Pie is a good example: fruit pie tends to keep for a good while at room temperature. I have found many sites which stridently claim this not to be the case, and many grocery stores that leave their bakery pies at room temp for about three days (even psycho Mrs. Cookwell says 2 days is fine). I'm siding with the grocery stores. Nut pies tend to last longer still, because they're drier: the presence of dairy and eggs is counteracted by the higher concentration of sugar.
Likewise cake, though it can vary depending on your frosting...The more things besides fat and sugar in your frosting, the more it needs to be refrigerated. In most cases cake will stay edible longer than you'd want to eat it. Again, grocery stores only bother to refrigerate decorated cakes, or ones with cream cheese icing.
Most store bought condiments are fine at room temperature. Obviously not mayonnaise, or anything creamy, but ketchup, mustard, A-1, worstershire...They last a good long time unrefrigerated.
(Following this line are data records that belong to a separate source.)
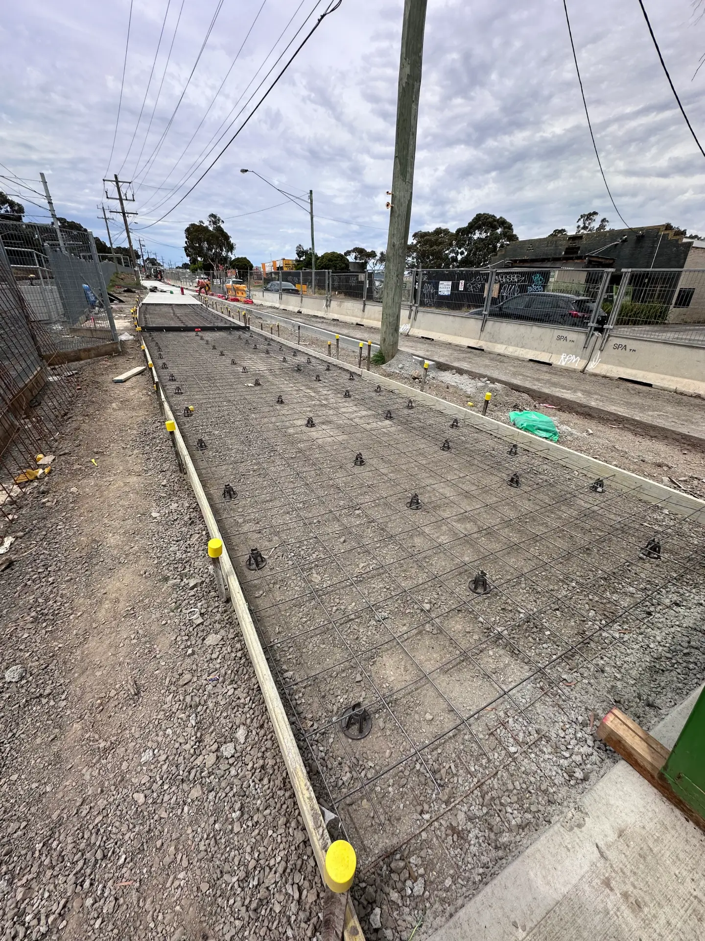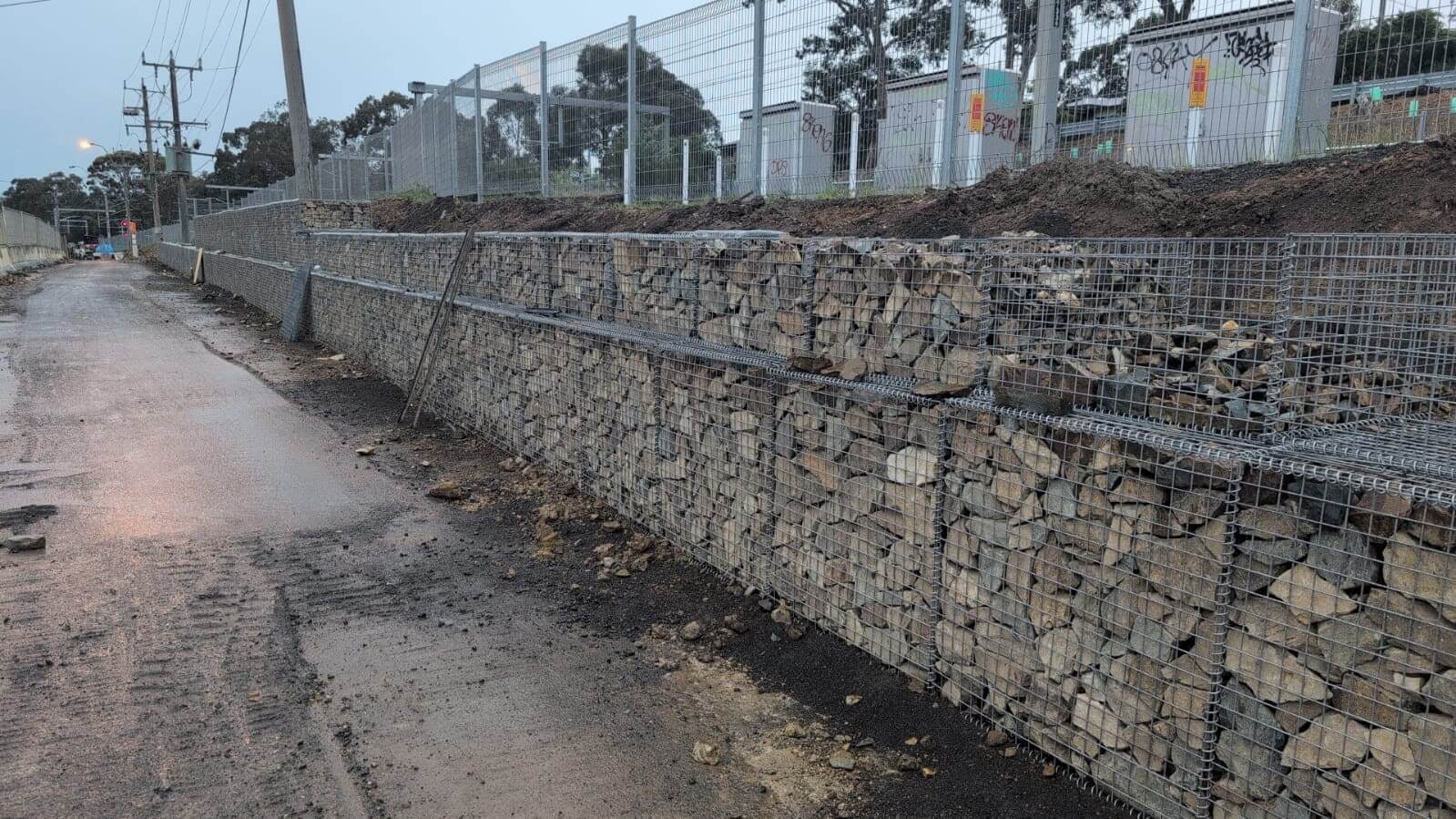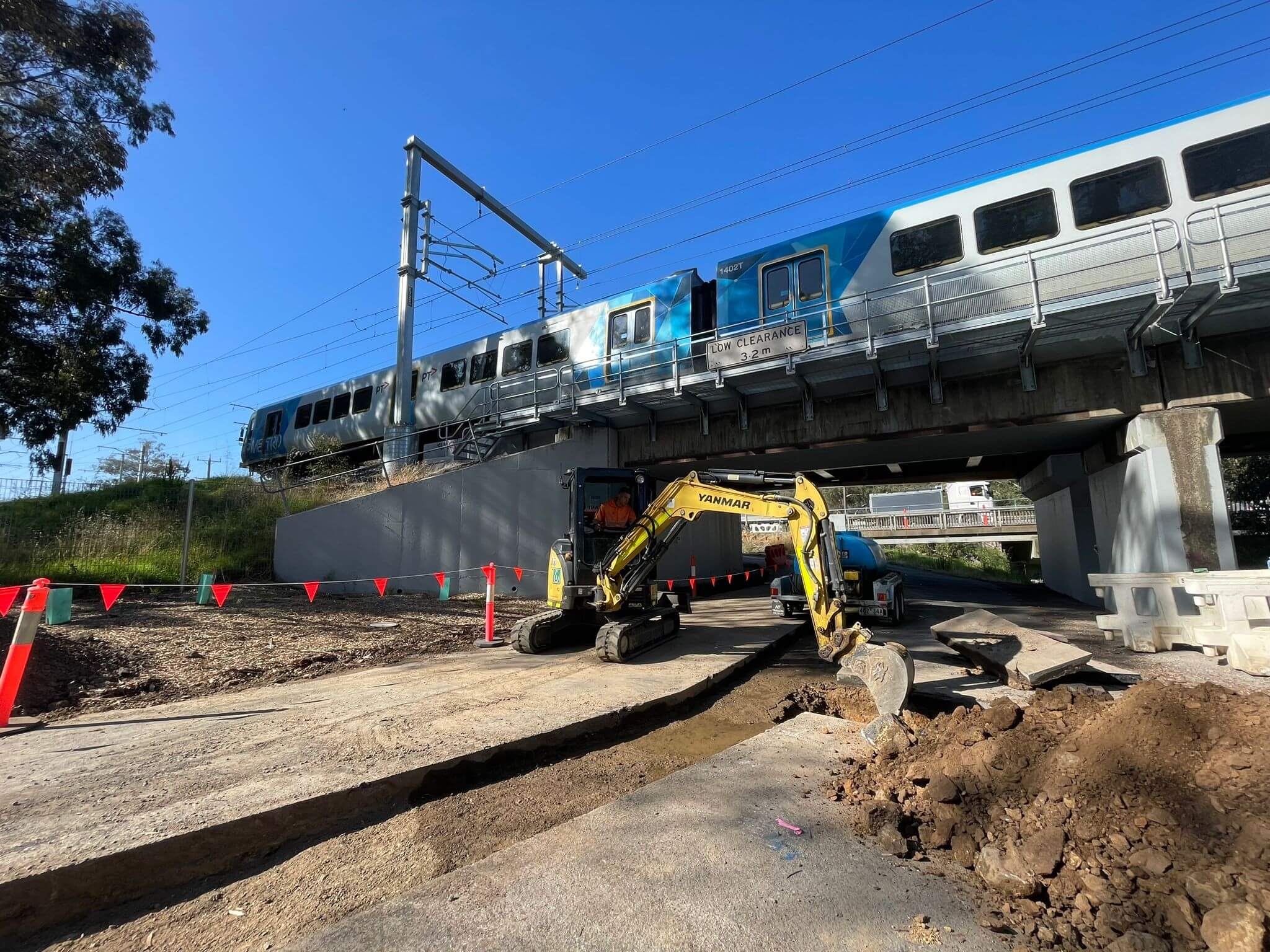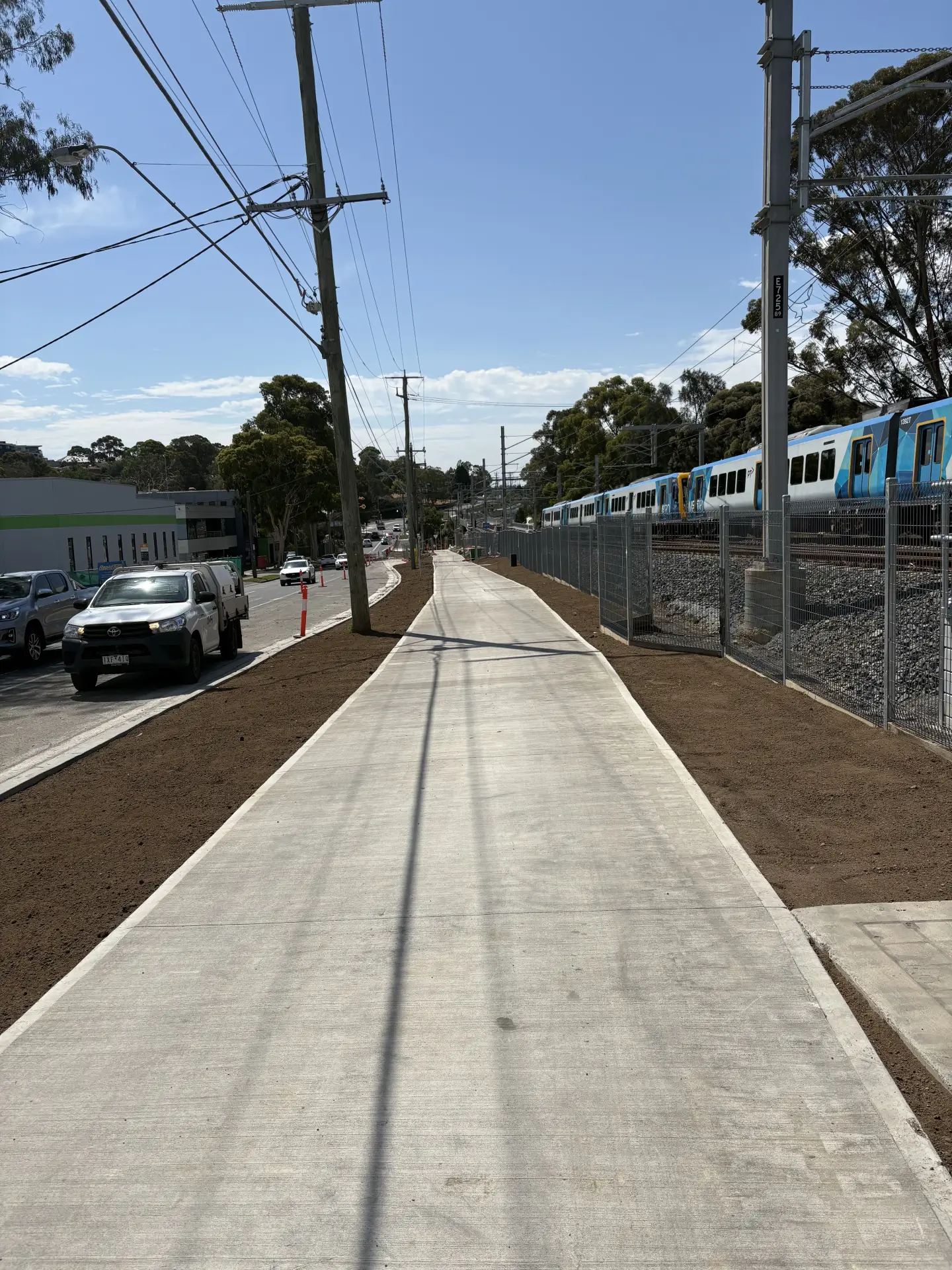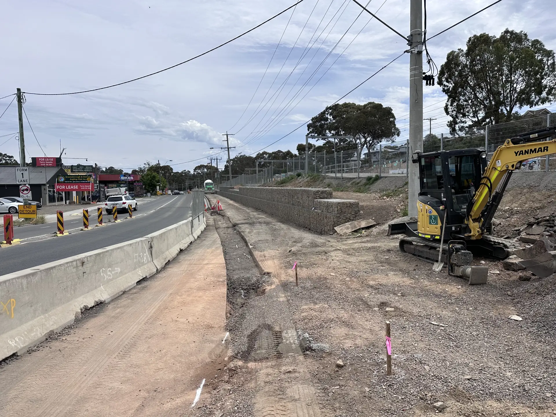 Construction of new shared use path along Para Road in Greensborough including construction of new gabion basket retaining walls and relocation of PTV bus bay under traffic management in narrow corridor between arterial roadway and metro railway lines.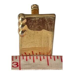 These vintage MCM cufflinks showcase a sophisticated geometric design with stripes and raised dots. The gold tone finish adds an elegant touch, making them ideal for professional settings. With a sturdy construction, these cufflinks ensure both style and durability for the modern professional.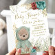 Baby shower d'herbe Pampas avec mignon bébé ours portant un pull sur un arrière - plan d'herbe pampas fleuri. Cette invitation à porter baby shower est facilement personnalisée avec les détails de votre événement.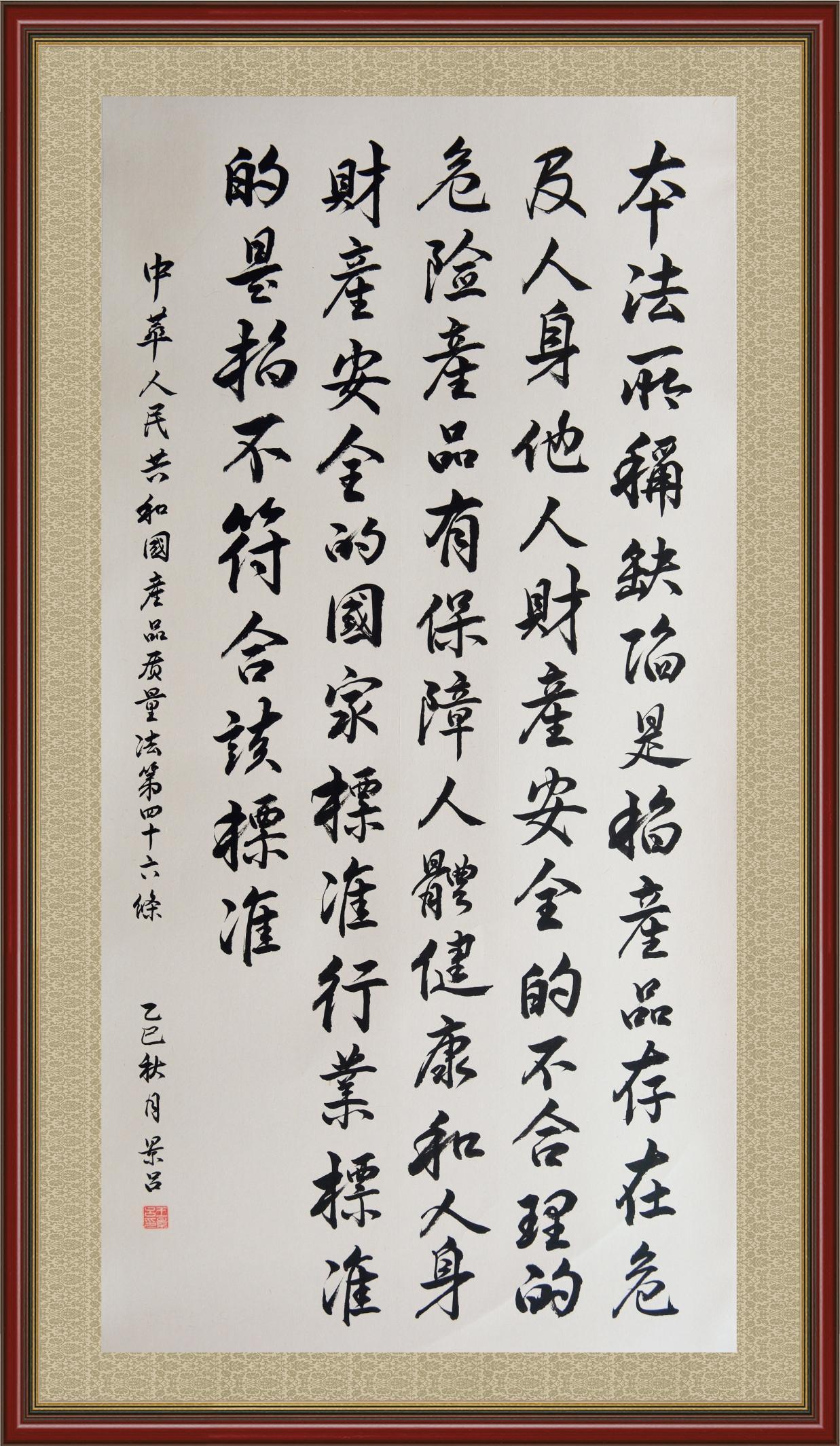 《中華人民共和國產(chǎn)品質(zhì)量法》自1993年9月1日起開始施行,先后進行三次修正。作為產(chǎn)品質(zhì)量領域的基本法律,產(chǎn)品質(zhì)量法對規(guī)范產(chǎn)品質(zhì)量管理、維護消費者合法權益、促進經(jīng)濟社會發(fā)展具有重要意義。為更好地學習、宣傳、貫徹這部法律,在國家市場監(jiān)督管理總局法規(guī)司的支持下,法治日報社開展了“‘書·法’系列活動之書寫《中華人民共和國產(chǎn)品質(zhì)量法》”活動。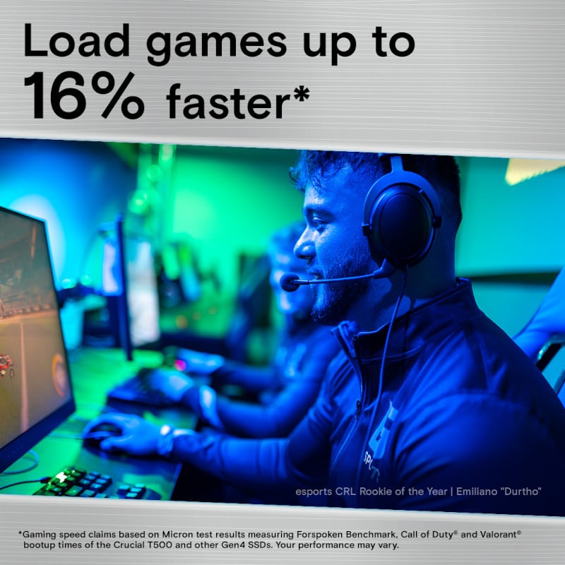The Crucial T500 PCIe® Gen4 NVMe SSD will improve your gaming and content creation experience. The T500 is a game changer, designed for high-performance gaming, PS5 upgrades, and photo/video editing. With sequential read/write speeds of up to 7,200/5,700MB/s and random read/write speeds of up to 1.39M IOPs, you’ll be able to load games 16% faster and enjoy a 42% increase in content creation app performance.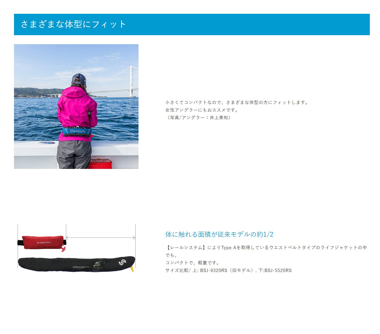 小さくてコンパクトなので、様々な体型の方にフィットします。女性アングラーにもおススメです。型式承認品タイプAを取得しています。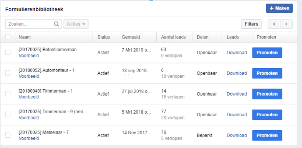 Hier zie je vervolgens de verschillende formulieren en kun je ook zien hoeveel leads deze hebben genereert. Je klikt op ‘Download’ en je kunt de leads vanuit Facebook in een .csv of .excel bestand halen. Dit zorgt ervoor dat je de lead uit Facebook hebt gehaald.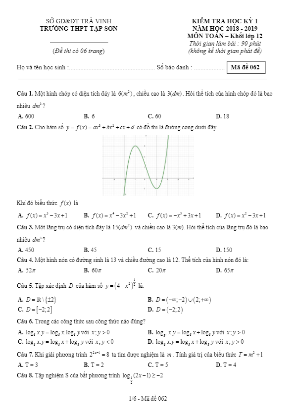 Đề thi HKI Toán 12 năm học 2018 – 2019 trường THPT Tập Sơn – Trà Vinh
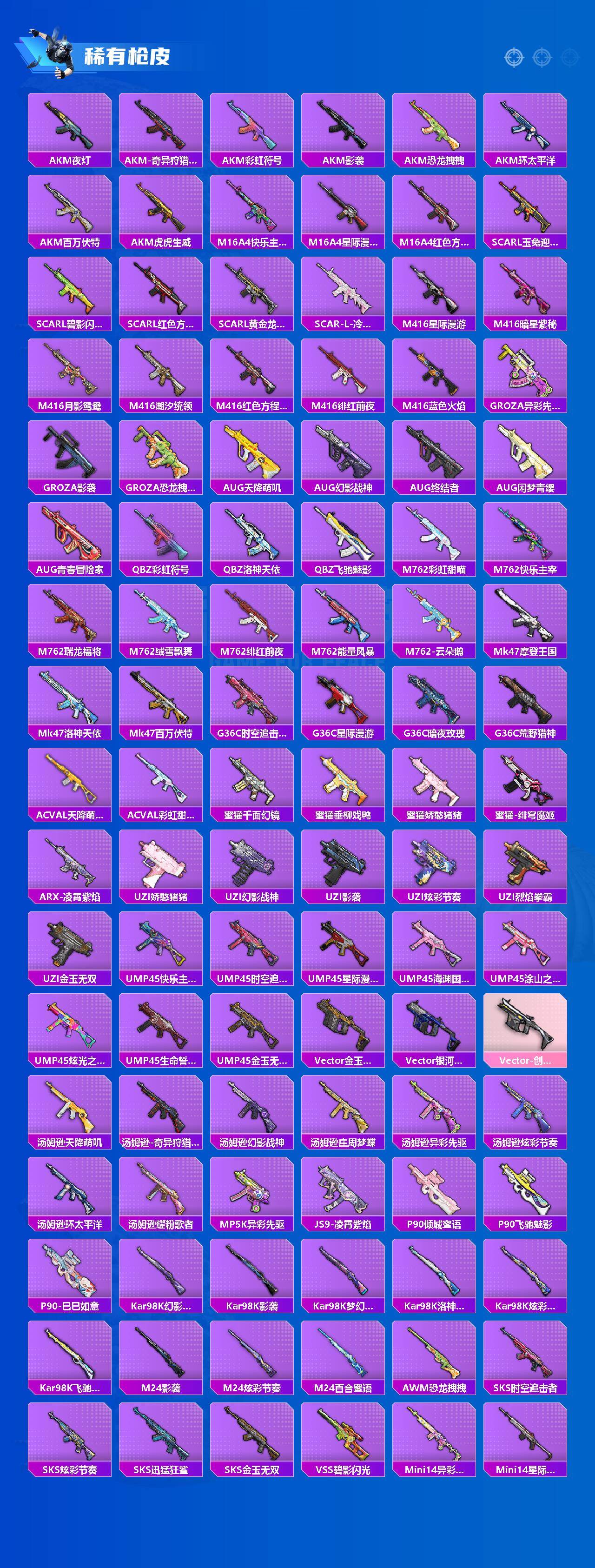 【稀有枪皮】:AKM-夜灯,AKM-奇异狩猎者,AKM-彩虹符号,AKM-影袭,AKM-恐龙拽拽,AKM-环太平洋,AKM-百万伏特,AKM-虎虎生威,M16A4-快乐主宰,M16A4-星际漫游,M16A4-红色方程式,SCAR-L-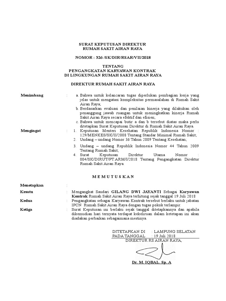 10 contoh surat keputusan pengangkatan karyawan dll lengkap. Panduan orientasi karyawan rumah sakit. 182 tahun 2018 tentang pemberlakuan buku pedoman pengorganisasian instalasi rekam medis dan medikolegal rumah sakit umum daerah kabupaten klungkung direktur rumah sakit umum daerah kabupaten klungkung menimbang : Contoh surat keputusan pengangkatan direktur rumah sakit. Bahwa pengangkatan dan pengangkatan manajer risiko tersebut perlu ditetapkan dengan keputusan direktur. Hasil kredensial dokter oleh sub komite kredensial komite medik. Standar rs pendidikan depkes 2009. Surat keputusan ini berlaku sejak tanggal ditetapkan dengan catatan apabila dikemudian hari ternyata terdapat kekeliruan dalam surat keputusan ini, akan diadakan perubahan sebagaimana mestinya. Peraturan menteri kesehatan no 9 tahun 2014 tentang klinik. Surat keputusan pengurus ybi no. Contoh pembuatan sk (surat keputusan) surat keputusan nomor. Tugas pada instalasi rekam medis b. 02 januari 2017 susunan anggota komite medis rumah sakit graha sehat tahun 2017 no jabatan nama 1 ketua komite medis dr.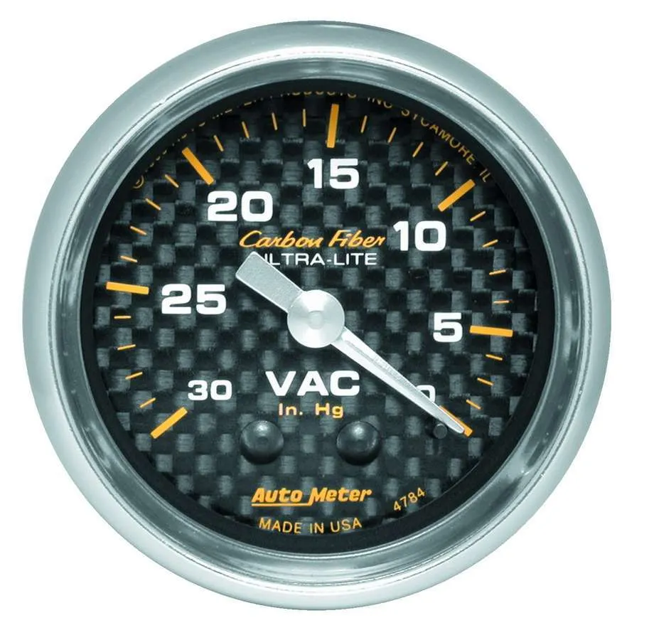 Vacuum Gauge – Carbon Fiber – 0-30 in HG – Mechanical – Analog – 2-1/16 in Diameter – Carbon Fiber Look Face – Each

Likewise soy sauce, fish sauce, and some of the more popular asian condiments.
I've never seen a pepper sauce (e.g. Tabasco) that needs refrigeration, and they'll last for years, though the color starts going off after a while.
There is no bacterial risk to leaving fruits and vegetables out, but this will dramatically increase the rate of spoilage. The exceptions are root vegetables, and bananas. Root vegetables will last a long time in a cool dark place, so just lump 'em in your garage if you're not going to eat them in the next week or two. And bananas will go south at the same rate regardless (though you can freeze them for future banana bread).
Fresh eggs (like, straight from the chicken) will last a couple of weeks without refrigeration (make sure they're not fertilized, or you may wake up to find baby chickens in your kitchen). The rule of thumb is "Every day unrefrigerated is like 5 days refrigerated." Once eggs are cracked, you should use them immediately.
I'd trust store bought eggs left out on the counter to eat, though its not good to let refrigerated eggs get warm again. Eggs have a wide array of natural antimicrobial tendencies, though the processing store bought eggs go through removes some of this. (citation). An easy way to test for internal contamination is to see if the egg floats in water. If it floats, toss it.
Bacon grease keeps a long time unrefrigerated, as does any sort of fat really, as long as it's strained and filtered. With fats you're more worried about them going rancid, which is a function of light and air (its a type of oxidation), so store your fat in a dark place, in a sealed container. (citation)
Butter can last several days unrefrigerated (it should be covered). I'd say as much as a week, but I have no way of knowing because it never lasts that long. It's much more likely to oxidize (see above) and go rancid than to pick up a significant bacterial colony.
Best Answer
I will put this as an answer as I might be too long winded for a comment.
The US, and most places have agencies that set food and food handling standards. I will not get into if those standards are the best, right, too high or low, ect., only state that those standards are when the agencies have deemed qualify as safe. I will also not comment on how well those standards are followed and enforced, only that they are in place, and should in general be followed. There purpose is to assure the public that what they eat and what they use to prepare food meets a reasonable health standard. If, in my opinion, one does not assume that items made within that country and imported by reputable sources into that country do not adhere to those standards, then you will simply worry yourself needlessly over everything.
On this specific question, kitchen towels/paper towels/paper rolls, etc. are specifically manufactured for kitchen and general household use. They should therefore be manufactured to food grade standards. Should you simply eat one? Well no, but it is not going to hurt you if you do. It is paper and a bit of dye. As intended for kitchen use, the dye is food grade, not fabric dye or such. Is bleach used to make it, yes, more than likely since bleach is a common item used to make such paper, but there is not deemed to be enough residual to be a health risk, and certainly not enough to be a contact risk from draining of blotting food. That does not mean it is recommended to start shredding them up and use them as a food supplement. It means that board review says causal contact with food is OK.
That does not mean that any paper or cleaning towel is OK to use. If it has been treated with cleaning or polishing solutions, like disinfection wet towels, those are not for direct contact with food. It is not their purpose, and yes, they might very well make you sick.
Is plastic safe? Well, it depends on the plastic. If it is food grade, then yes, as long as it is used reasonably and as intended. Take a thin zip lock bag and super heat it, well, that is not how it was intended to be used, and you may well have broken its integrity. Use it to store a piece of fruit in the refrigerator for a day and it is fine. Go to the hardware store and get a plastic bucket to mix something in? NO. That is not food grade plastic.